ErrorEstimator methods

• global_error(refinement_factor=2.0) – refine all axes, measure total difference

• per_axis_errors(refinement_factor=2.0) – refine each axis independently, return {axis_index: error} dict

• axis_needing_refinement(refinement_factor=2.0) – return the index of the axis with the largest error, or None if fully resolved

• f_current – the cached function evaluation on the current grid

Custom refinement loop

tol = 1e-5

while True:
    est = ErrorEstimator(grid, my_func, norm="max")
    if est.global_error() < tol:
        print(f"Converged with shape {grid.shape}")
        break

    worst_axis = est.axis_needing_refinement()
    if worst_axis is None:
        break

    grid = grid.refine_axis(worst_axis, factor=1.5)
    print(f"Refined axis {worst_axis} -> shape {grid.shape}")

Why per-axis refinement?

Tensor-product grids have a key structural advantage: all numgrids operators (differentiation, integration, interpolation) work directly on the grid without any special treatment for non-uniform cell sizes. Refining individual axes preserves this structure while allowing anisotropic resolution.

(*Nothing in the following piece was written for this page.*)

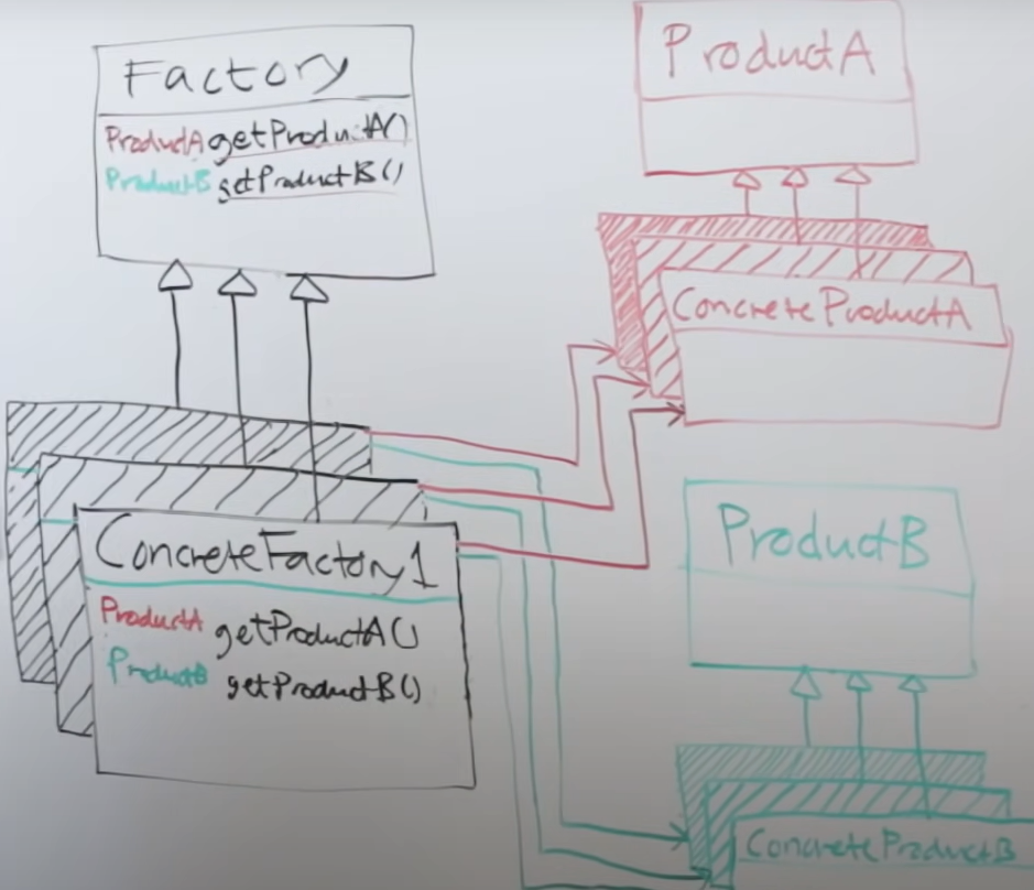 - Abstract Product : 개념적 제품 객체에 대한 인터페이스를 정의 (여기서는 ProductA, ProductB)
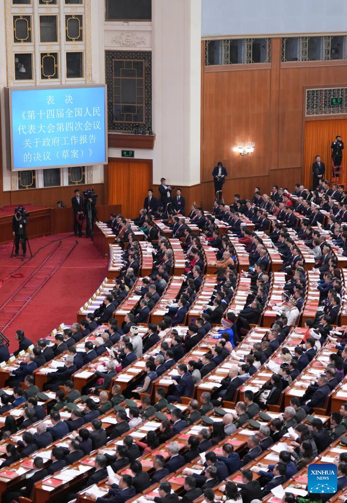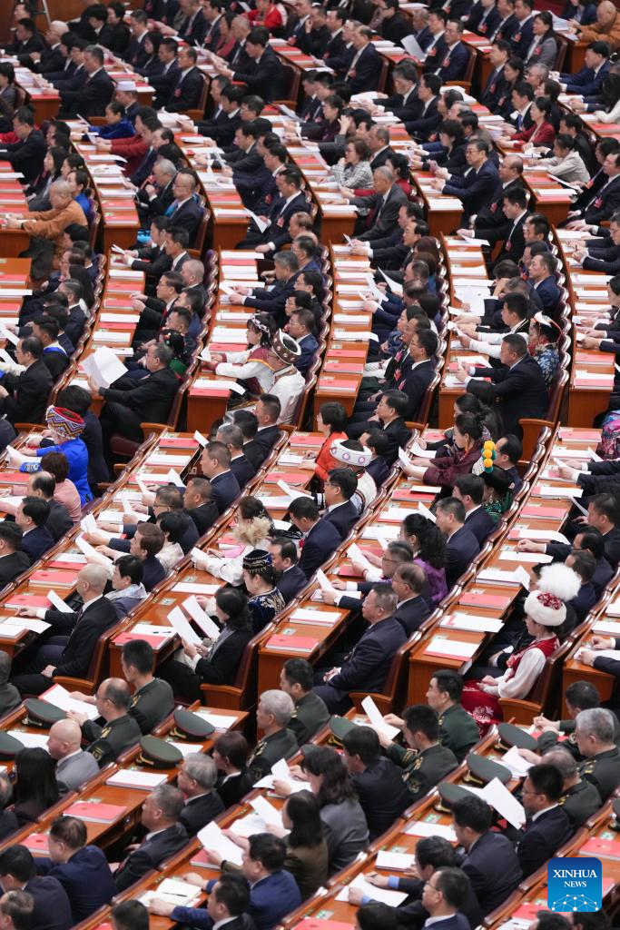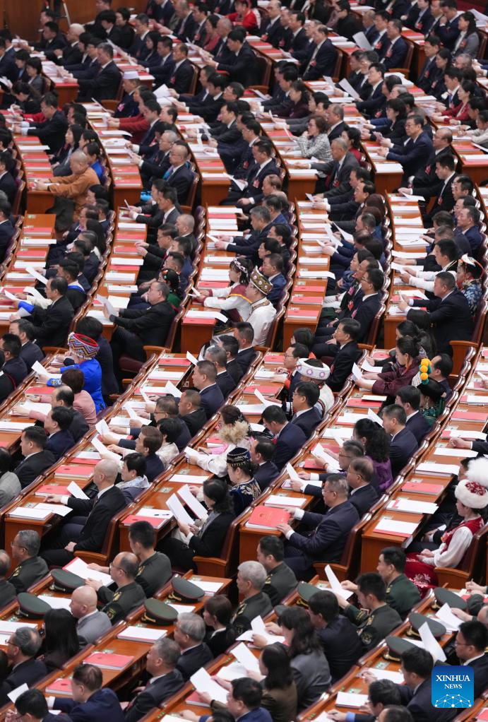 Lawmakers voted to adopt a resolution on the work report of the NPC Standing Committee, a resolution on the work report of the Supreme People's Court, and a resolution on the work report of the Supreme People's Procuratorate.

Consider a boundary layer problem where the solution changes rapidly near \(x = 0\) but is smooth in \(y\). Per-axis refinement can give axis 0 two hundred points while keeping axis 1 at twenty, for a total of 4,000 grid points. Cell-based refinement of a uniform grid to the same resolution near \(x = 0\) would require a much larger point count or complex data structures.

Note

The error estimator compares solutions at different resolutions. Your func callable is evaluated multiple times per iteration (once per axis plus once for the global estimate). For expensive functions (e.g. PDE solvers), consider using a coarser initial grid or a larger tolerance to reduce the total number of function evaluations.